O Governo, através do Ministério dos Transportes e Logística, anunciou este domingo, 25 de janeiro, a disponibilização de meios de transporte extraordinários para apoiar as populações afectadas pelas cheias que provocaram o corte da Estrada Nacional Número Um (EN1), deixando várias comunidades isoladas, sobretudo na província de Maputo.
De acordo com um comunicado oficial, será realizado um comboio especial de passageiros com partida da cidade de Maputo para Magude, esta terça-feira, 27 de Janeiro, às 09h00. O regresso está previsto para quarta-feira, 28 de Janeiro, à mesma hora.

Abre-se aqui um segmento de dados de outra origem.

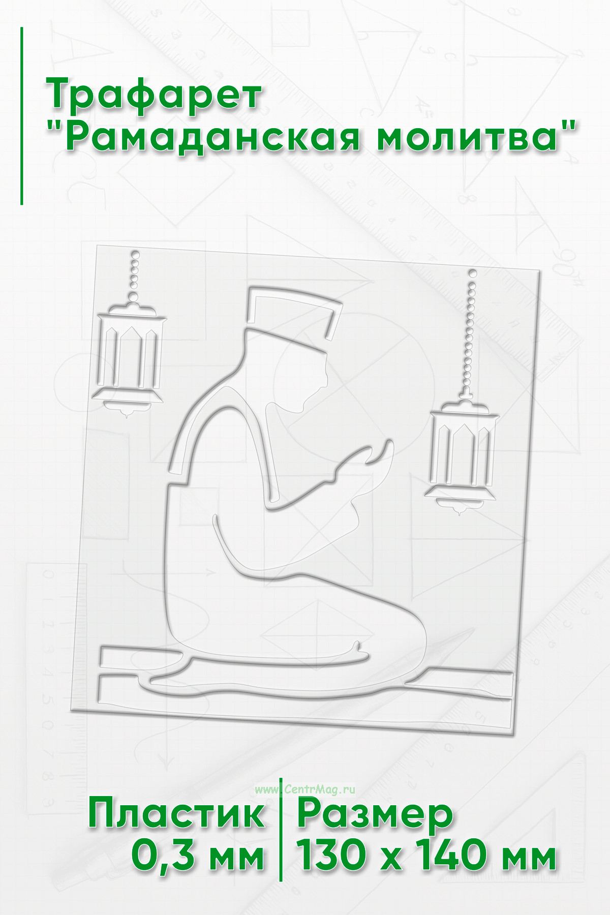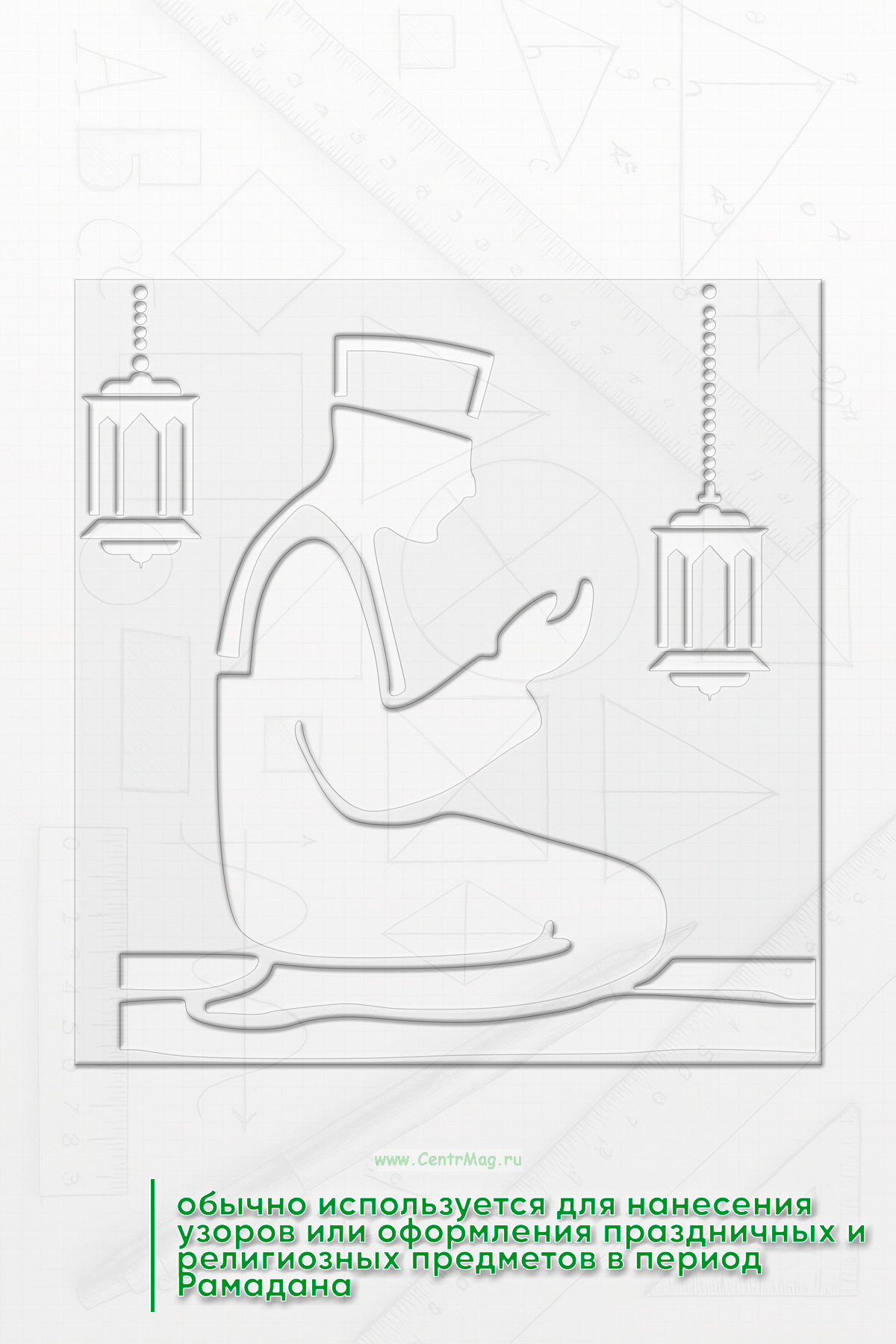 Трафарет с изображением или надписью "Рамаданская молитва" обычно используется для нанесения узоров или оформления праздничных и религиозных предметов в период Рамадана. Его предназначение — помочь создать красивое и точное украшение или надпись, связанное с мусульманским постом и молитвой во время этого священного месяца.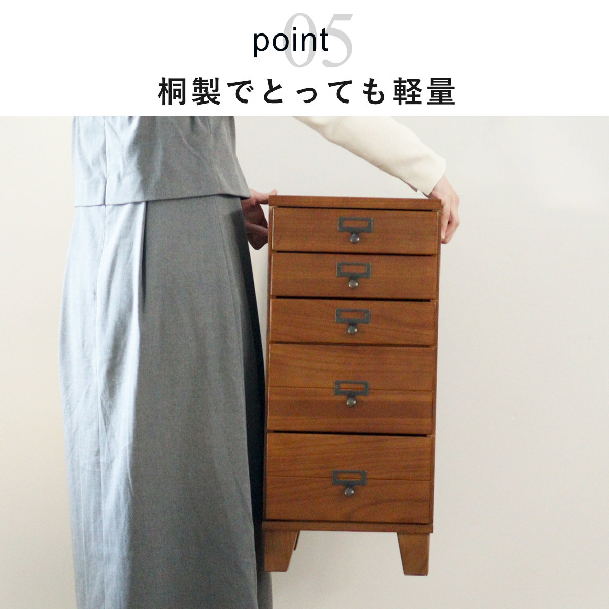 限られた空間にも置きやすい スリムチェスト 5段
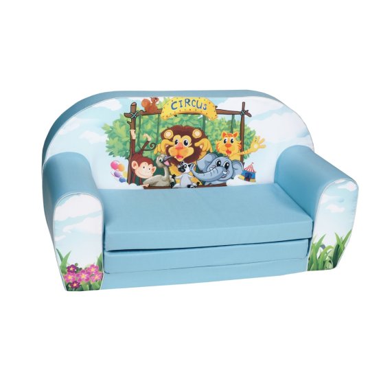 Schönes Sofa mit fröhlichen Tieren aus dem Zirkus ist leicht, so dass auch ein Kind es leicht bewegen, entfalten und falten kann.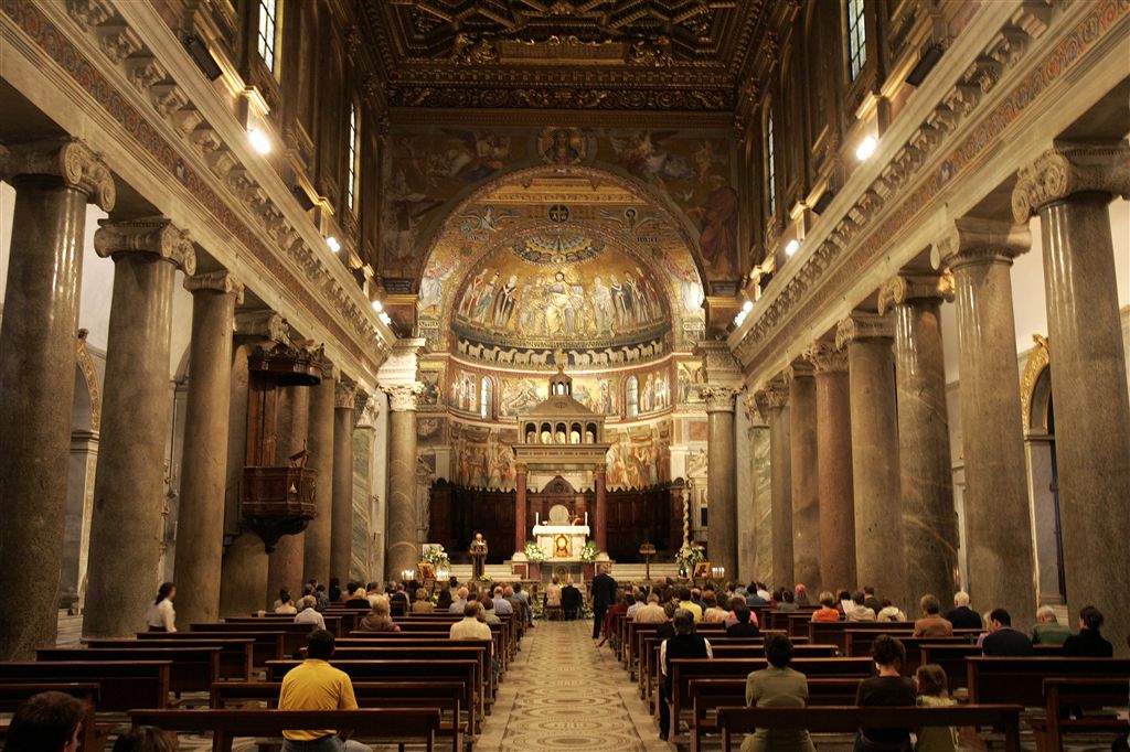 De basiliek aan een plein in het oude stadsdeel Trastevere – ‘aan de overkant van de Tiber’ – is regelmatig herbouwd, maar bevat nog mozaïeken uit de tijd van de Romeinen en afkomstig uit Romeinse badhuizen. Veel kardinalen en ook pausen hebben in de basiliek hun laatste rustplaats.

O comboio terá capacidade para transportar até 1.200 passageiros.
Por se tratar de uma operação de emergência, a empresa Caminhos de Ferro de Moçambique (CFM) irá aplicar uma tarifa reduzida de 50 meticais por viagem, correspondente a 50 por cento do valor normal do bilhete, com o objectivo de facilitar a mobilidade das populações afectadas.
Adicionalmente, os CFM irão disponibilizar um comboio especial de mercadorias para o transporte de carga essencial. Este serviço parte na quarta-feira, 28 de Janeiro, às 05h00, da estação da Matola Gare, na cidade da Matola, com destino a Magude. O comboio irá rebocar vagões de carga e duas carruagens destinadas aos acompanhantes, estando o regresso previsto para quinta-feira, 29 de Janeiro.
Entretanto, no âmbito das acções de apoio humanitário, o Ministério dos Transportes e Logística informou igualmente a partida, esta segunda-feira, 26 de Janeiro, de uma embarcação a partir da cidade de Maputo, transportando produtos de ajuda humanitária com destino ao porto de Chongoene, na província de Gaza. O regresso da embarcação à capital do país está previsto para quinta-feira, 29 de Janeiro, transportando passageiros.
A embarcação tem capacidade para 150 passageiros e será aplicada uma tarifa social no valor de 300 meticais, visando garantir o acesso ao transporte em contexto de emergência humanitária.
As medidas enquadram-se nos esforços do Governo para mitigar os impactos das cheias e assegurar a circulação de pessoas e bens nas zonas afectadas.